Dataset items
[Start of section]
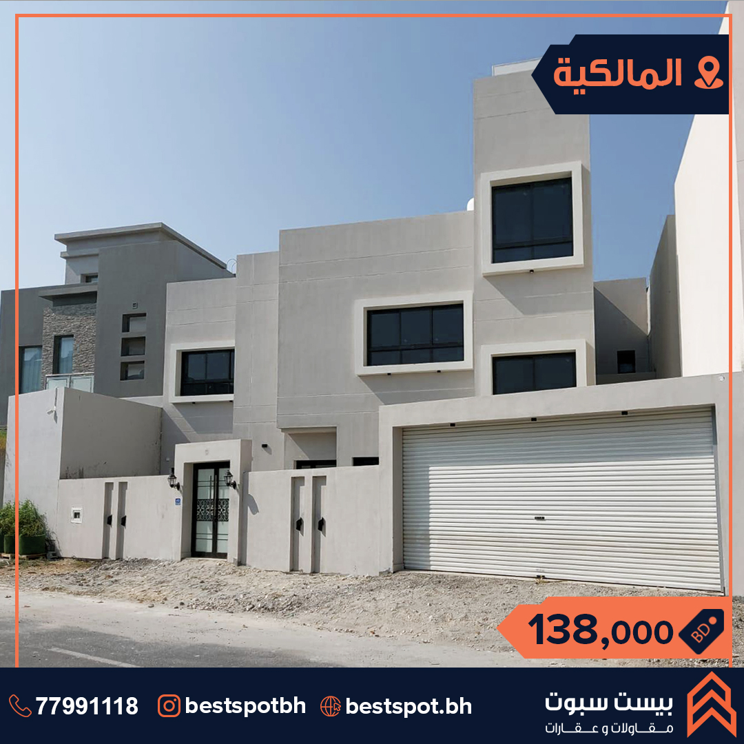 للبيع فيلا في موقع مميز في منطقة المالكية تتكون الفيلا من : صالة 4 غرف نوم 4 حمامات مطبخ كبير كما تتحتوي الفيلا على : منطقة غسيل حديقة كراج لسيارتين مساحة الأرض 229.0 متر مربع. مساحة البناء 269.0 متر مربع السعر 138.0 ألف دينار قابل للتفاوض Ref No. SVBS0108 للإستفسار والتواصل : 38991112 38991114 الحساب الرسمي: @Bestspotbh الحساب العقاري : @Bah_property #Bestspotbh_Villas #bahrain_property #bahrainrealestate #عقارات_البحرين #فلل #المالكية #للبيع
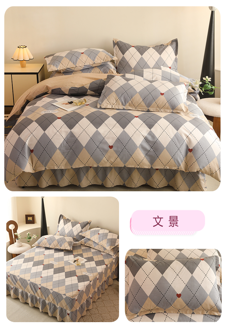 当前位置: 91家纺网 > 商品网购 > 床品套件 > 四件套 > 全棉普通四件套 > 八十八家纺 2025新款全棉12868床裙款四件套文景
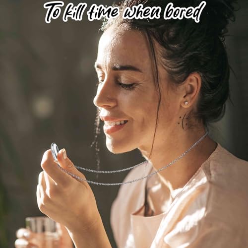 HOT ! Worry Stone Necklace for Women,Anxiety Relief Fidget Jewelry,Sliver Oval Peaceful Thumb Pendant Necklace,Meditation Relaxation Stress Relief Pendant
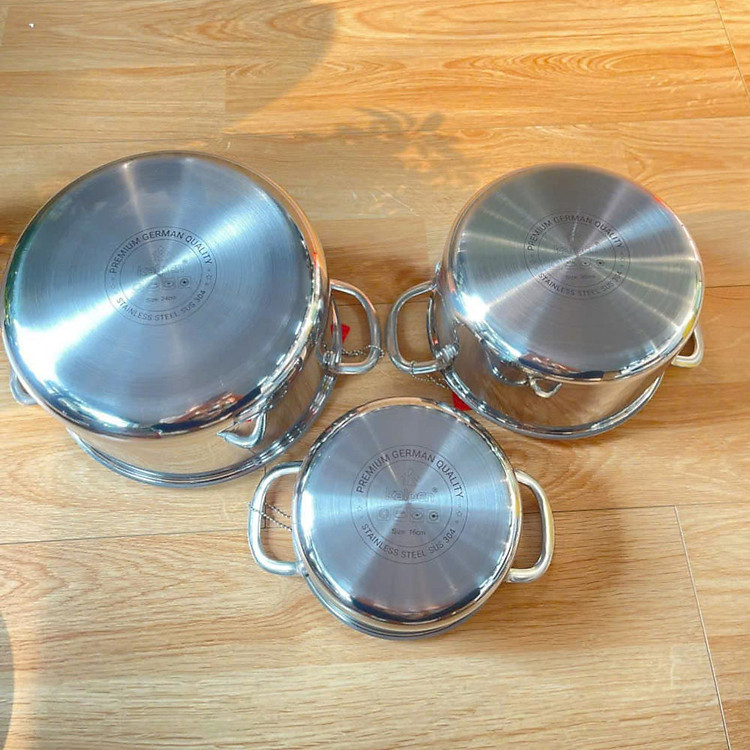 Tên sản phẩm: Bộ nồi Inox 3 lớp đúc liền khối Kalpen Kampfer KF3
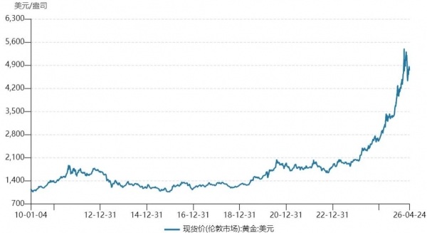 反映在客观数据上,2023年起,在全球央行持续购金、地缘政治风险升级、美联储降息预期强化等因素的影响下,国际金价持续走高,甚至在2025年出现了"史诗级行情",从年初的2646美元每盎司上涨到年底的近4500美元每盎司。
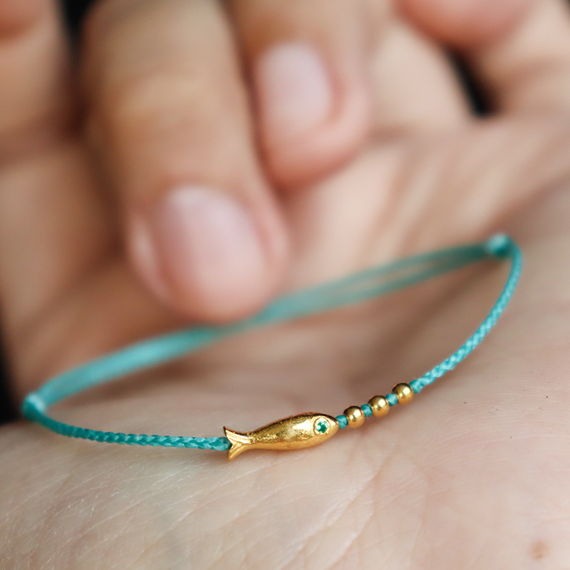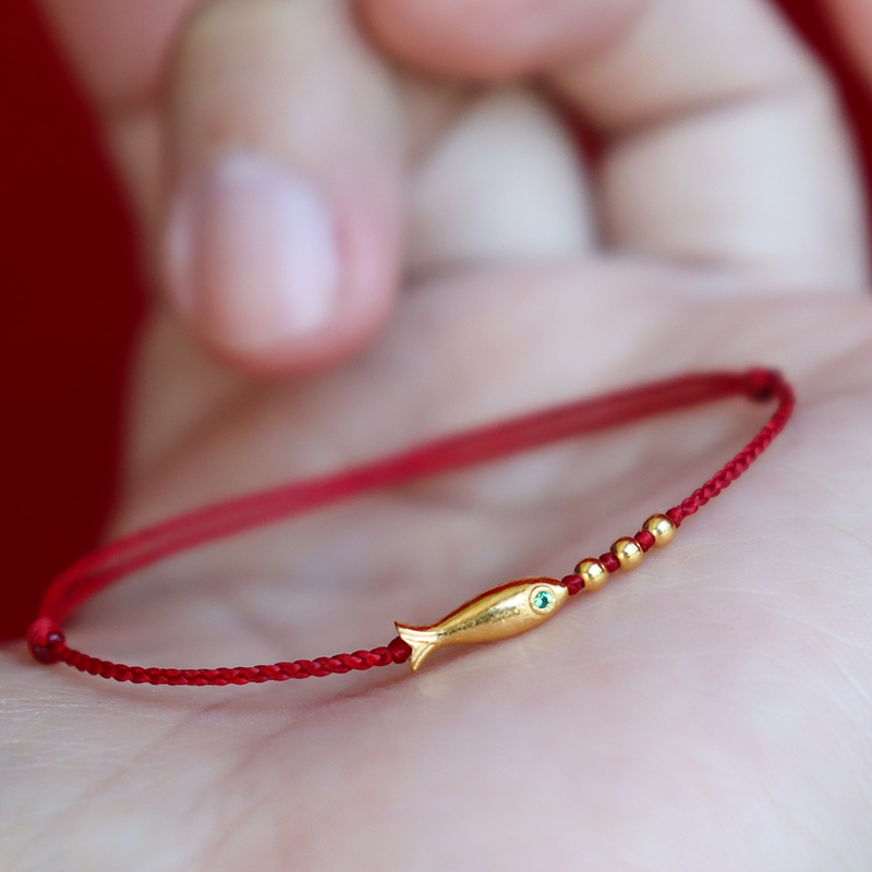 999 Pure Gold Small Goldfish Bubble Bracelet for the Year of Birth, Adjustable Gold Sardine Bracelet, Lucky Red String with Koi Fish
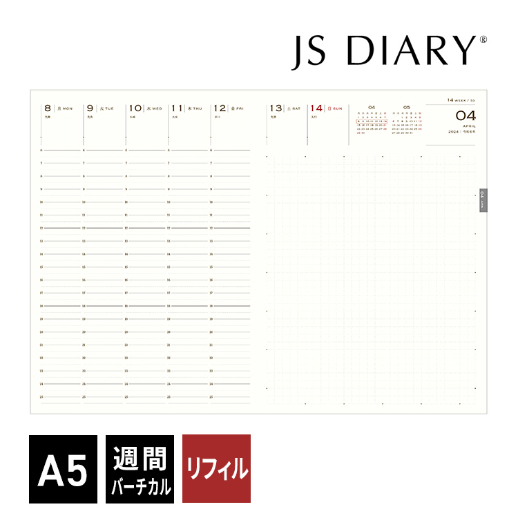 | カバー付き | ・2026年 手帳 JSダイアリー A5 週間 バーチカル+メモ ¥3,300 |
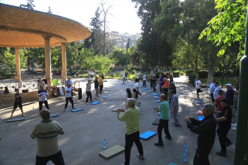 İç savaşın yıkıcı etkilerinin ardından yeniden bir arada olmanın yollarını arayan Halepliler, sabahın erken saatlerinde park ve meydanlarda toplanarak sporla güne başlıyor.
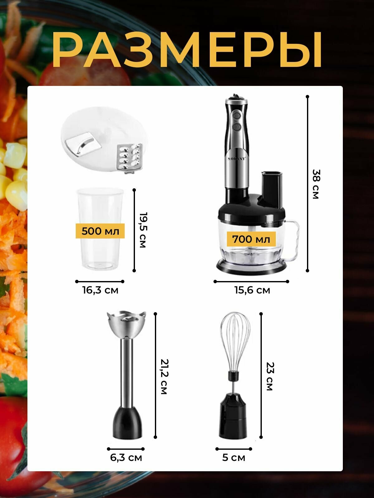 | Насадки | венчик для взбивания / для приготовления пюре / измельчитель / кофемолка / насадка для шинковки / терка |
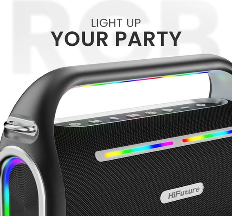 HiFuture MusicBox200 е преносима Bluetooth тонколона, създадена за партита и приключения на открито, която комбинира компактен дизайн с впечатляваща звукова мощност от 100W. Оборудвана е с усъвършенстван DSP процесор и многобандов еквалайзер, позволяващи оптимално настройване на звука според индивидуалните предпочитания. Вградената батерия с капацитет от 12000 mAh осигурява продължително време на възпроизвеждане, а функцията за външна батерия с изход 5V/1A ви позволява да зареждате други устройства в движение. Динамичните RGB светлини, синхронизирани с ритъма на музиката, допринасят за впечатляващ визуален ефект и истинска парти атмосфера. Тонколоната поддържа Bluetooth 5.3 за бърза и стабилна безжична връзка, както и TWS функция за сдвояване на две тонколони за по-пълноценно звуково изживяване. Вграденият микрофон позволява провеждане на разговори директно през устройството, а включените два безжични микрофона и дистанционно управление превръщат MusicBox200 в отличен избор за караоке и забавления с приятели.
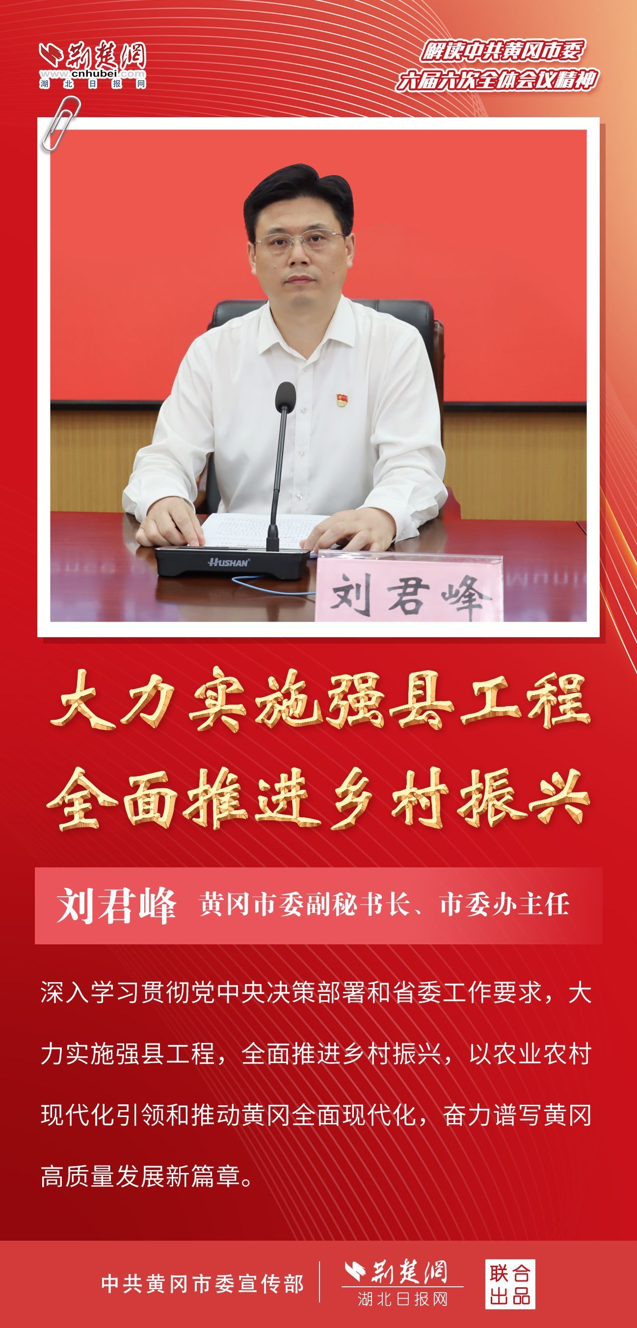 荊楚網(wǎng)(湖北日?qǐng)?bào)網(wǎng))訊(記者胡小軍、劉璐 通訊員郭斯)9月4日,中共黃岡市委六屆六次全體會(huì)議精神解讀新聞發(fā)布會(huì)召開(kāi),市委辦主要負(fù)責(zé)人介紹全會(huì)情況,并解讀全會(huì)精神。
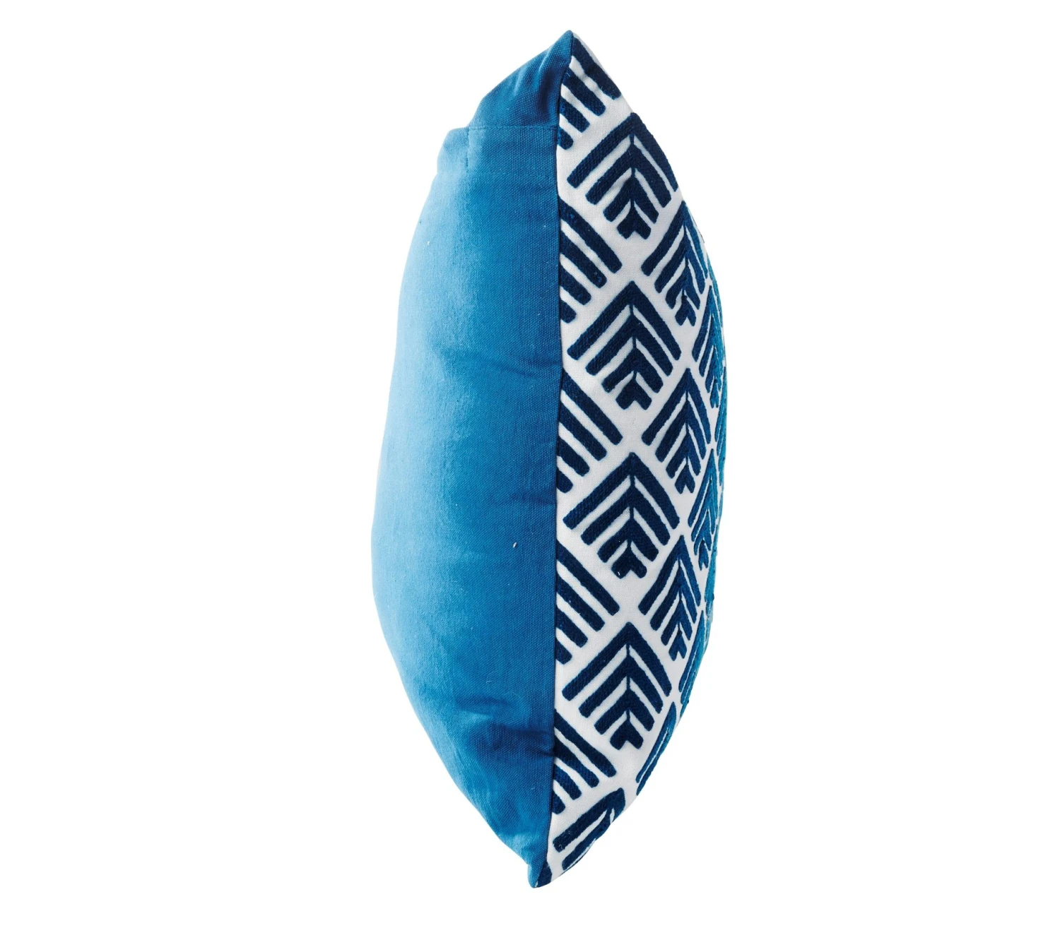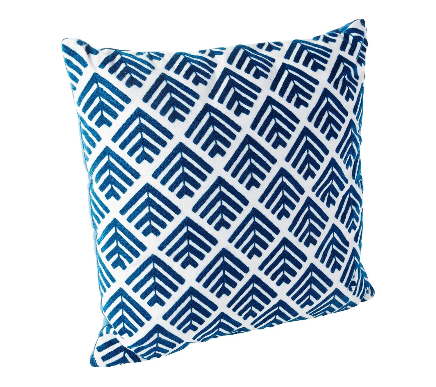 Décoré de motifs géométriques brodés, ce coussin apportera une petite touche graphique à votre décoration intérieure. Pour un rendu harmonieux, vous pouvez l’associer à d’autres modèles imprimés ou d’inspiration ethnique. Et si vous vous lassez de son motif, il suffit de le retourner pour profiter d’un coussin bleu uni.
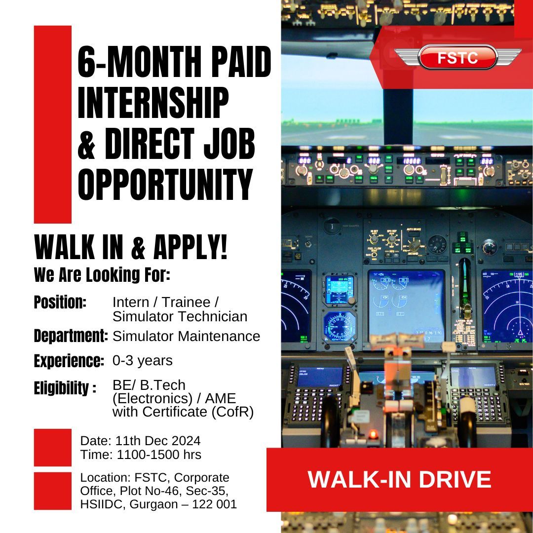 Gurgaon, India–FSTC, an Indian aviation training group operating both flight schools and full flight simulator training centers, has announced a 6-month paid internship and direct job opportunities for Interns, Trainees, and Simulator Technicians in the Simulator Maintenance department. The program is aimed at individuals seeking to build a career in the aviation industry through hands-on technical experience.
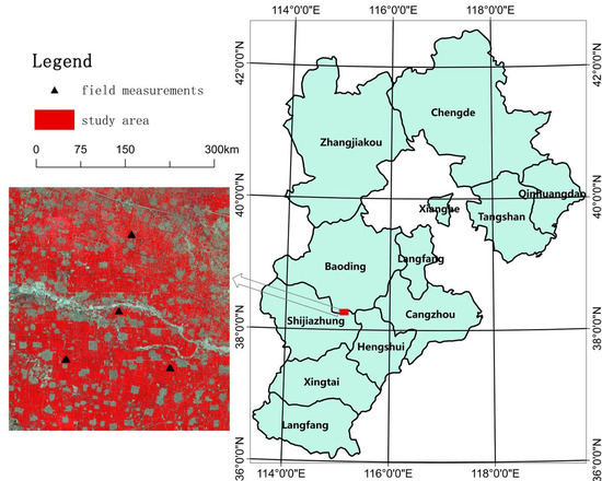 Field measurements in Baoding, Hebei Province, China were collected from 27 April to 3 May 2016 using LAI-2000, containing ten sampling points. Measurements from each site were collected at least twice. The corresponding Landsat data-acquisition times were 25 April and 4 May, and the inversion LAI were linearly interpolated to each sampling-point time.
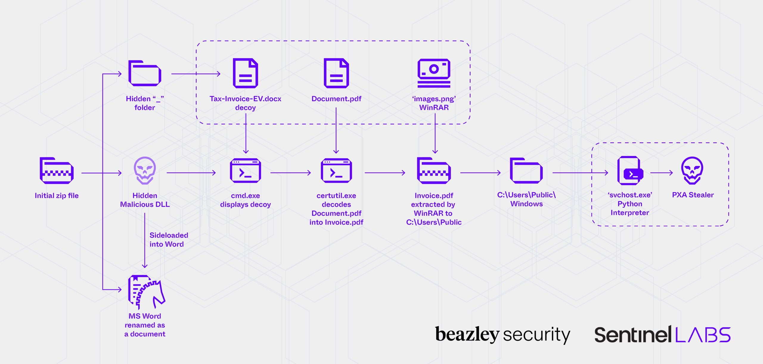 PXA Stealer is a Python-based infostealer linked to Vietnamese-speaking cybercriminal groups. Active since late 2024, the campaign has evolved into a multi-stage infection chain that hides behind legitimate signed apps and decoy documents. By abusing trusted binaries like Haihaisoft PDF Reader and Microsoft Word 2013, attackers sideload malicious DLLs that drop the final Python payload.
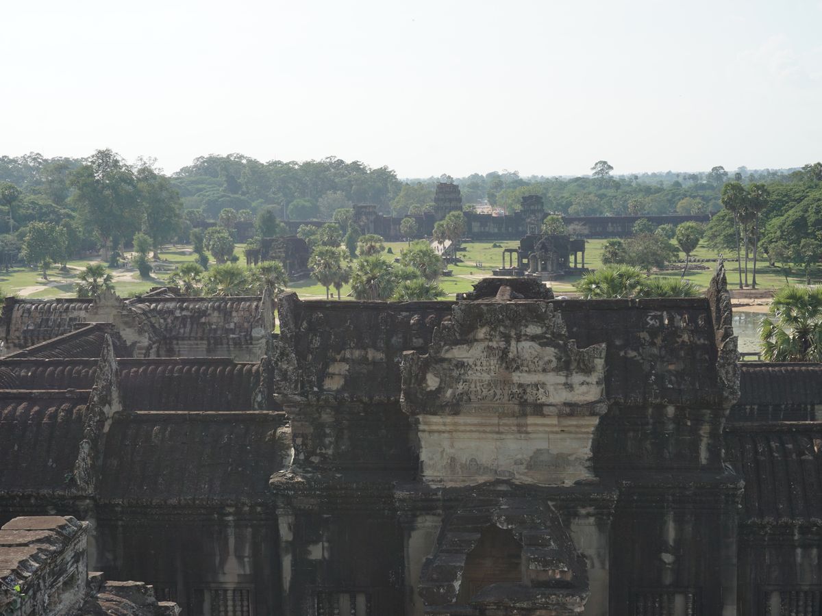 ツアーガイドさんの説明を聞きながらアンコールトムから回りました。日本のお笑い芸人さんに似た顔があるとガイドさんが言ったときは、実際に見てなるほどと思いました。アンコールワットは川のあるほうから歩いて入っていくと奥のほうに聳え立っていました。ここも説明を聞きながら、第一回廊から第二回廊、寺院の中心部、水を処理する池、当時の人のこだわりや工夫を見ながら第三回廊へ、最上階からは景色が一望できて最高でした。
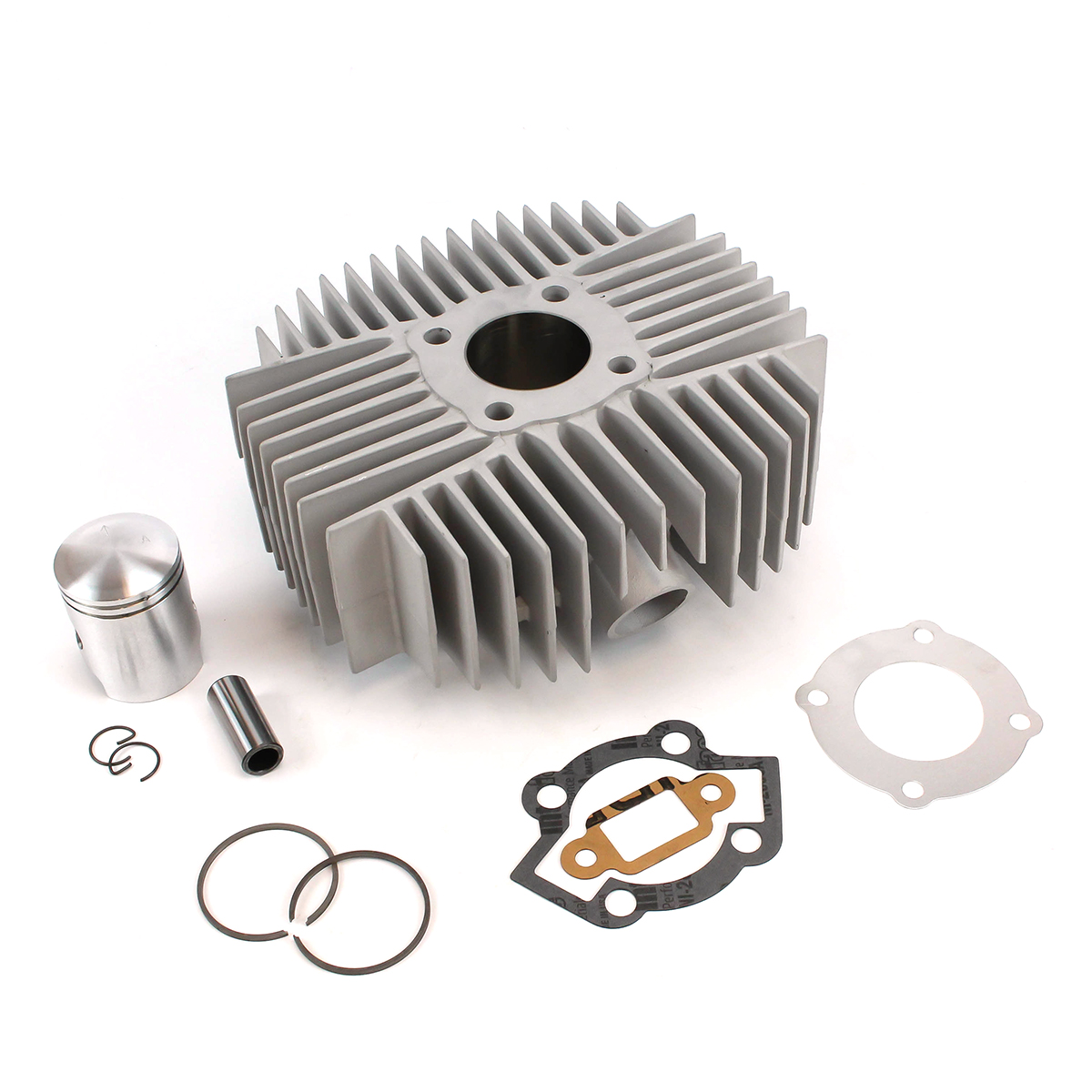 This 40mm cylinder kit fits Kreidler 2- and 3-speed as well as 4- and 5-speed engines with the small 45mm bolt spacing. It’s a high-quality reproduction of the legendary 6.5 HP Kreidler cylinder, original spare part no.: 15.43.97.The kit includes a 40mm aluminum cylinder, 40mm piston, piston rings, 14mm wrist pin, circlips, and gaskets for the cylinder head, base, and intake. The cylinder features two transfer ports, one exhaust port, and one intake port.
[End of section]
* _Your goal_
Transcribe exactly the lines that run from the first line of the records above through the line with "バーチカル+メモ ¥3,300 |", and include both of those lines; pictures stay out.

* _Answer below_
 للبيع فيلا في موقع مميز في منطقة المالكية تتكون الفيلا من : صالة 4 غرف نوم 4 حمامات مطبخ كبير كما تتحتوي الفيلا على : منطقة غسيل حديقة كراج لسيارتين مساحة الأرض 229.0 متر مربع. مساحة البناء 269.0 متر مربع السعر 138.0 ألف دينار قابل للتفاوض Ref No. SVBS0108 للإستفسار والتواصل : 38991112 38991114 الحساب الرسمي: @Bestspotbh الحساب العقاري : @Bah_property #Bestspotbh_Villas #bahrain_property #bahrainrealestate #عقارات_البحرين #فلل #المالكية #للبيع
 当前位置: 91家纺网 > 商品网购 > 床品套件 > 四件套 > 全棉普通四件套 > 八十八家纺 2025新款全棉12868床裙款四件套文景
 HOT ! Worry Stone Necklace for Women,Anxiety Relief Fidget Jewelry,Sliver Oval Peaceful Thumb Pendant Necklace,Meditation Relaxation Stress Relief Pendant
 Tên sản phẩm: Bộ nồi Inox 3 lớp đúc liền khối Kalpen Kampfer KF3
 反映在客观数据上,2023年起,在全球央行持续购金、地缘政治风险升级、美联储降息预期强化等因素的影响下,国际金价持续走高,甚至在2025年出现了"史诗级行情",从年初的2646美元每盎司上涨到年底的近4500美元每盎司。
 999 Pure Gold Small Goldfish Bubble Bracelet for the Year of Birth, Adjustable Gold Sardine Bracelet, Lucky Red String with Koi Fish
 | カバー付き | ・2026年 手帳 JSダイアリー A5 週間 バーチカル+メモ ¥3,300 |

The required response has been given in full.